A person who is and remains a Catholic after all the horrors the Church has tried to cover up just recently not to mention down through history cares only about themselves, the church and possibly their own family members.

I’m pretty sure I got four years further than you did.

People don’t go to college to teach their professors. It’s the other way around and you would know that if you had ever been there.

Yeah well I could say the same about you. How about a high school diploma? Do you even have one of those?

Yes there are many arguments but arguments are not evidence. A person with evidence does not need arguments. Besides their arguments are weak and in some cases downright silly, and have all been refuted countless times. Touche.

No, someone would have to prove there were Christ followers in Judea, Christians in Judea in the First Century. But the first mentions of Christians are the ones in Rome. And then the superstition spread TO Judea.

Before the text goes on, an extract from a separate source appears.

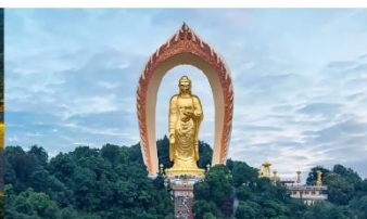
พระใหญ่ตงหลิน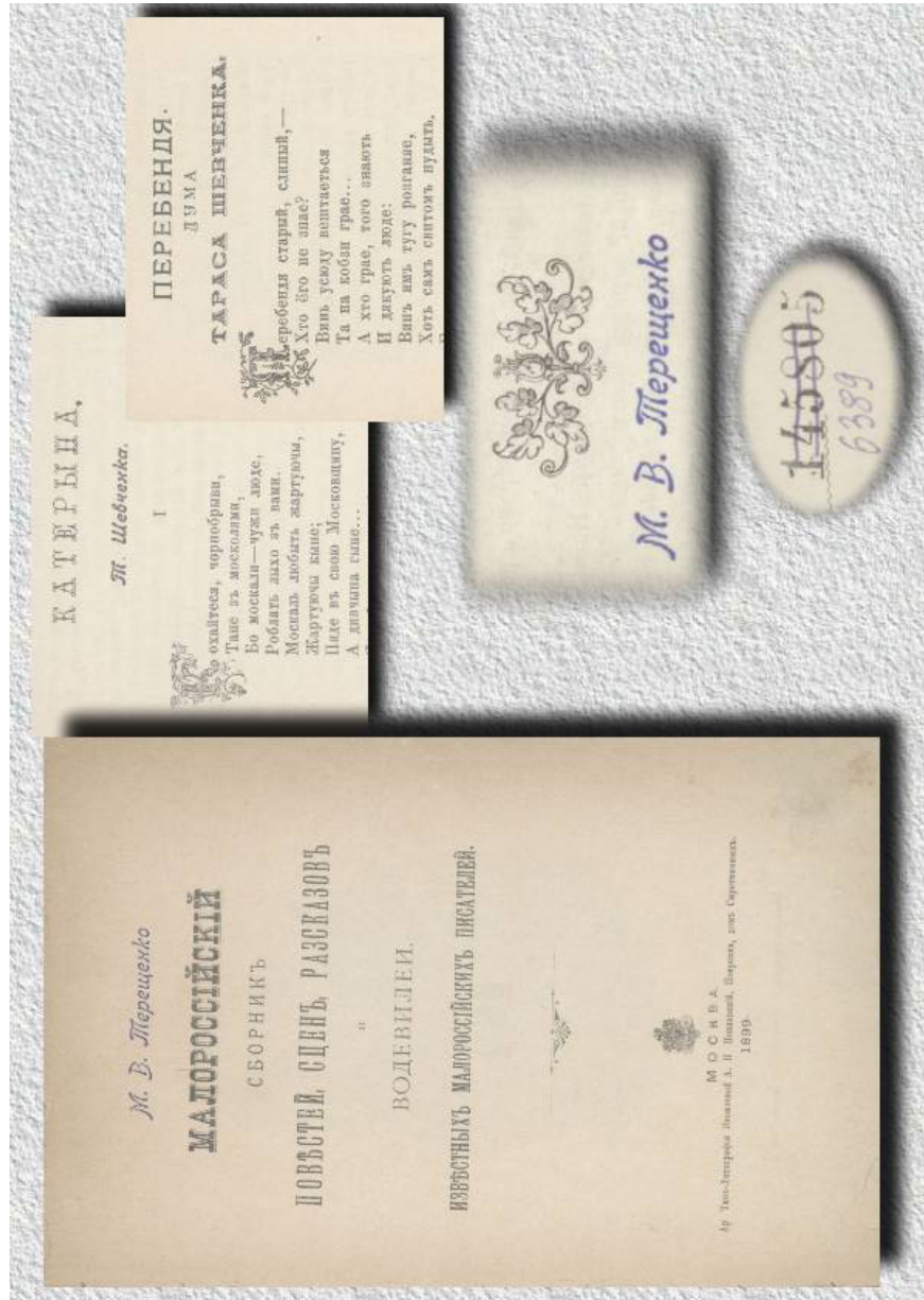
Ил. 1. Титульный лист издания «Малороссийский сборник повестей, сцен, рассказов и водевилей известных малороссийских писателей» (Москва, 1899) с фрагментами произведений Т. Шевченко. Штамп М. В. Терещенко; инвентарный номер.

I’ve done that. I have demonstrated that the gospels are structured exactly like other myths and fiction and not like any historical narratives. I given sources for them in the OT as well as Greek mythology. I’ve shown that the historical Jesus nonsense is based on shoddy, desperate arguments and not evidence. I’ve shown that Jesus mythicism is not some fringe theory the apologists claim it is. And I haven’t even brought out the big guns yet. Even the Bible talks about mythicism: “By this you know the spirit of God: every spirit that confesses Jesus Christ has come in the flesh is from God. And any spirit that does not confess Jesus has come in the flesh is not from God.” - 1John 2-3.
Nobody in academia talks like you do. World class scholars my foot.